Lever 5: Measure before you optimize
You cannot manage what you do not see, and most cost surprises are really visibility failures — the spend was there all along, no one was watching. Before optimizing anything, instrument the feature so you know where the money goes: which operations are most expensive, how cost breaks down between input and output, which users or request types dominate.
This matters because cost, like performance, follows a skew — a small fraction of operations usually drives a large fraction of the bill. Optimizing a cheap, rare path feels productive and saves nothing. Find the expensive, frequent path first and fix that. Then watch the trend over time, because usage grows and a feature that was affordable at launch can drift expensive as adoption climbs. Set an alert for when spending crosses a threshold you chose deliberately, so you learn about a cost problem from your own dashboard rather than from a finance email.

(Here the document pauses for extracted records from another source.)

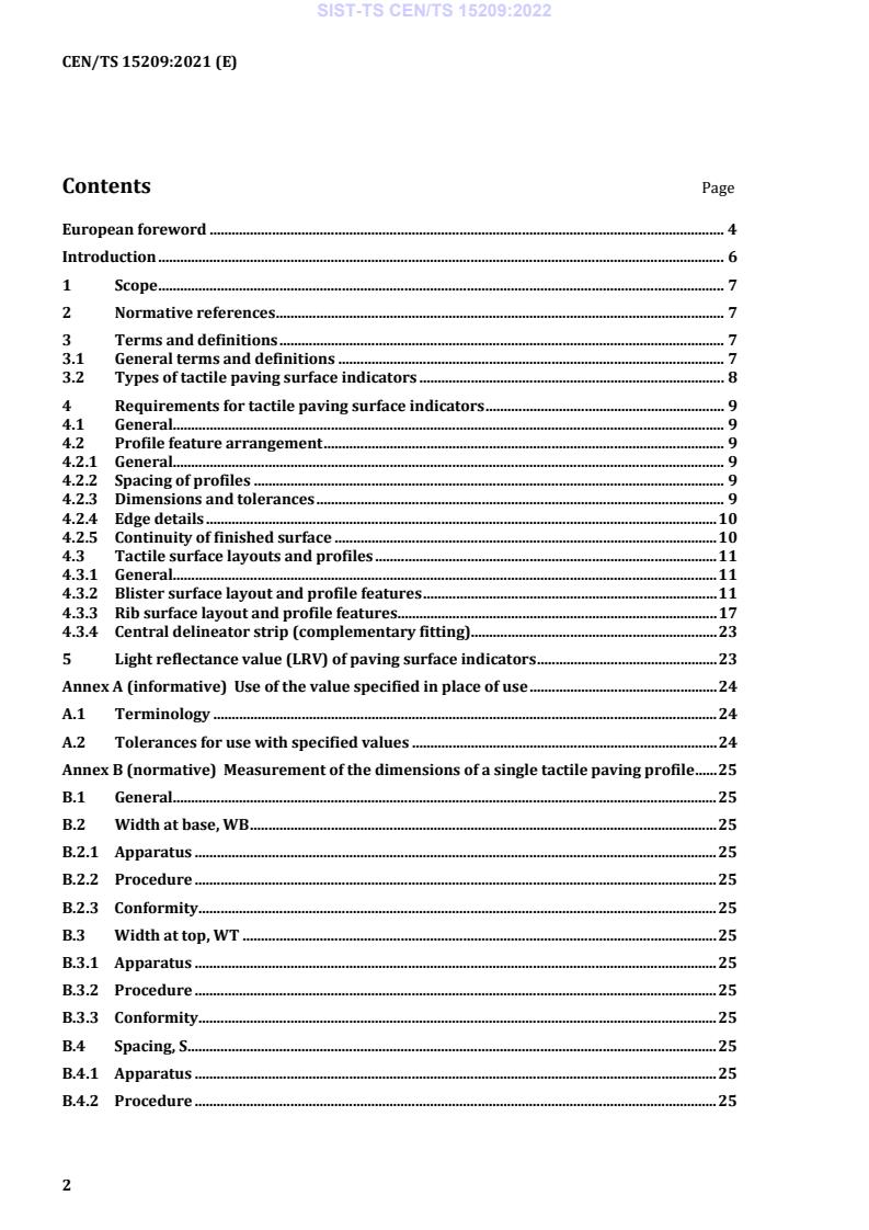 SIST-TS CEN/TS 15209:2022 is a technical specification published by the Slovenian Institute for Standardization (SIST). Its full title is "Tactile paving surface indicators produced from concrete, clay and stone". This standard covers: This document specifies the method of measurement and acceptance criteria for the dimensions for surface profile features and patterns for the surface of pedestrian paving units, used to convey information for visually impaired people. It applies to paving units made of concrete, clay and stone where the tactile profiles are monolithic with the unit. The surface profiles are intended to be applied to units manufactured to EN 1338, EN 1339, EN 1341, and EN 1344 which can be square or rectangular as specified by the designer. It does not specify dimensions of a single tactile paving layout or profile but proposes ranges within which these dimensions should fall. Default dimensions are given in the absence of a national requirement. This document proposes methods of measurement of profiles, light reflectance and colour but does not specify requirements for these characteristics. These properties will be decided by the designer taking into account the regulations, codes of practice, and guidance in the place of use of the units. It does not specify material characteristics.
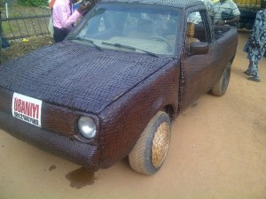 nice..ingenious. giving better tools he can come up with the real thing. this will be a work of art, as a car mad of cane wood cannot withstand the heat from a normal car engine or fuel mixed with heat. but i will say a very very nice attempt. artistic.
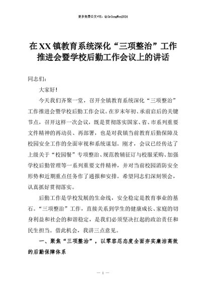 【七哥公文】2025年:在XX镇教育系统深化“三项整治”工作推进会暨学校后勤工作会议上的讲话+更多免费公文+VX:QiGeGongWen2024
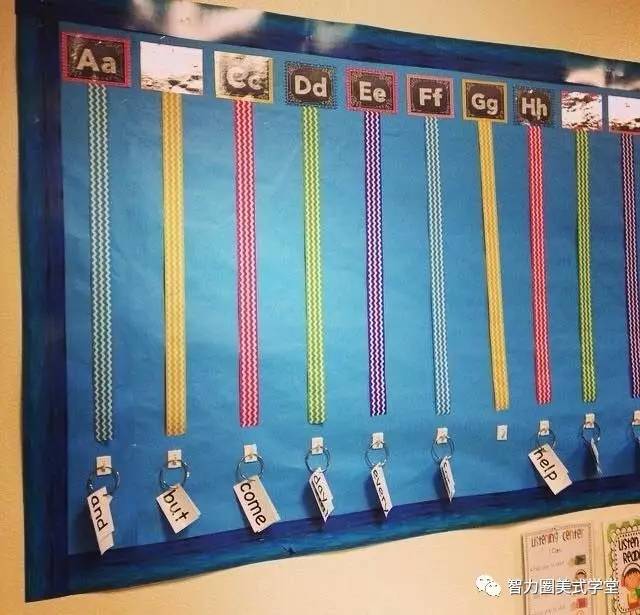 文字墙可以按照字母A-Z分类,那怎么来建立起这面墙呢?可以按照下面的方法:用不同颜色的纸来表示每一个字母,遇到任何以那个字母开头的词语,例如and 和all,就放到a下面。
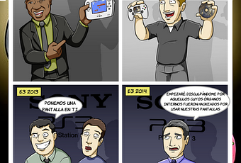 Hoy os traigo una viñeta comica que trata de que Nintendo enseña algo diferente e innovador en la feria del E3 y los siguientes años, las demas compañias siguen su estela e imitan a Nintendo.... ¿A dónde puede llegar la inminente moda de las pantallas?Y si no esta otra tira comica:
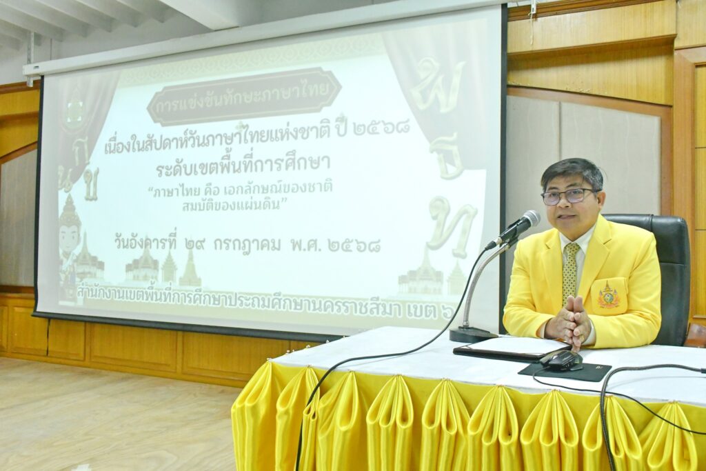 วันอังคารที่ 29 กรกฎาคม 2568 เวลา 09.00 น. นายศุภพงษา จันทรังษ์ ผอ.สพป.นครราชสีมา เขต 6 เป็นประธานพิธีเปิดการแข่งขันทักษะภาษาไทย เนื่องในสัปดาห์วันภาษาไทยแห่งชาติ ปี 2568 “ระดับเขตพื้นที่การศึกษา” (ภาษาไทย คือ เอกลักษณ์ของชาติ สมบัติของแผ่นดิน) พร้อมบรรยายพิเศษ ณ ห้องประชุมปุณฑริก สพป.นครราชสีมา เขต 6 (หลังเดิม) และเยี่ยมชมให้กำลังใจคณะกรรมการ และนักเรียน ที่เข้าร่วมแข่งขัน ณ ห้องประชุมปุณฑริก (หลังเดิม) ห้องประชุมวานิชอนุสรณ์ และห้องประชุม KM ชั้น 3 สพป.นครราชสีมา เขต 6
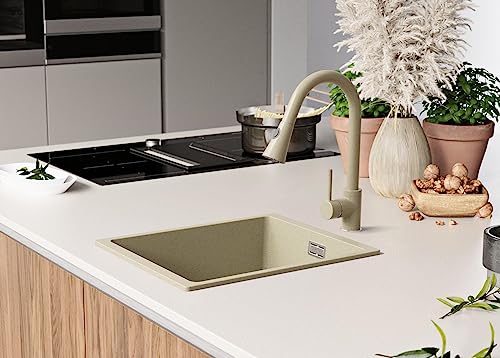Lavello Cucina 36 x 47 cm, lavello a una vasca in granito + rubinetto + sifone a scatto, lavello London 40 Slim di Primagran, beige

Balancing cost against quality
Every lever here trades against something, and pretending otherwise leads to a cheap feature nobody wants to use. A smaller model saves money and may answer slightly worse. A shorter prompt saves tokens and may drop a piece of context that mattered. Aggressive caching saves calls and risks serving a stale answer. The goal is not the lowest possible cost — that is a feature with no users. The goal is the lowest cost that still meets your quality bar. This is exactly where an eval earns its keep: it lets you make a cost-cutting change and check, with numbers rather than hope, that quality held. Cut cost, measure quality, keep the cuts that quality survives.
The takeaway
Keeping an AI feature affordable comes down to a handful of durable habits: bill-aware design that understands tokens, right-sizing the model to each task, spending fewer tokens per call, never paying twice for the same work, capping the components that can run away, and measuring everything so you optimize the path that actually costs money. None of it requires a clever trick, and all of it survives changes in model and vendor because it follows from how these systems are priced. Pair each cut with an eval so quality stays honest, and a feature that could have bankrupted itself stays one you can afford to keep running.